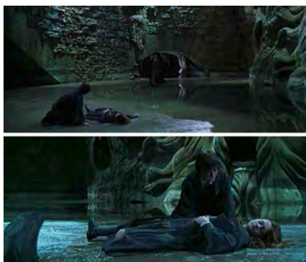
Fotogramas de Harry Potter y la Cámara de los Secretos (2002).
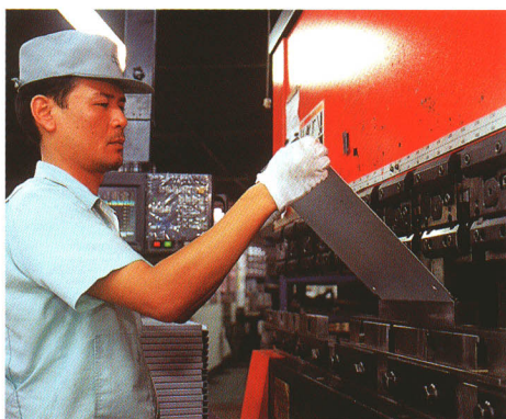
ハイテク工場など、企業誘致を積極的に展開
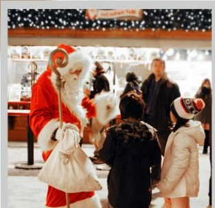
“ODORI GERMAN MARKET”
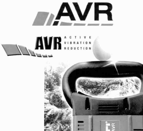
▲ AVR(Active Vibration Reduction)

## Problem statement
Each line of the data above must be repeated exactly, images excluded.

## Reply to the task
Fotogramas de Harry Potter y la Cámara de los Secretos (2002).
ハイテク工場など、企業誘致を積極的に展開
“ODORI GERMAN MARKET”
▲ AVR(Active Vibration Reduction)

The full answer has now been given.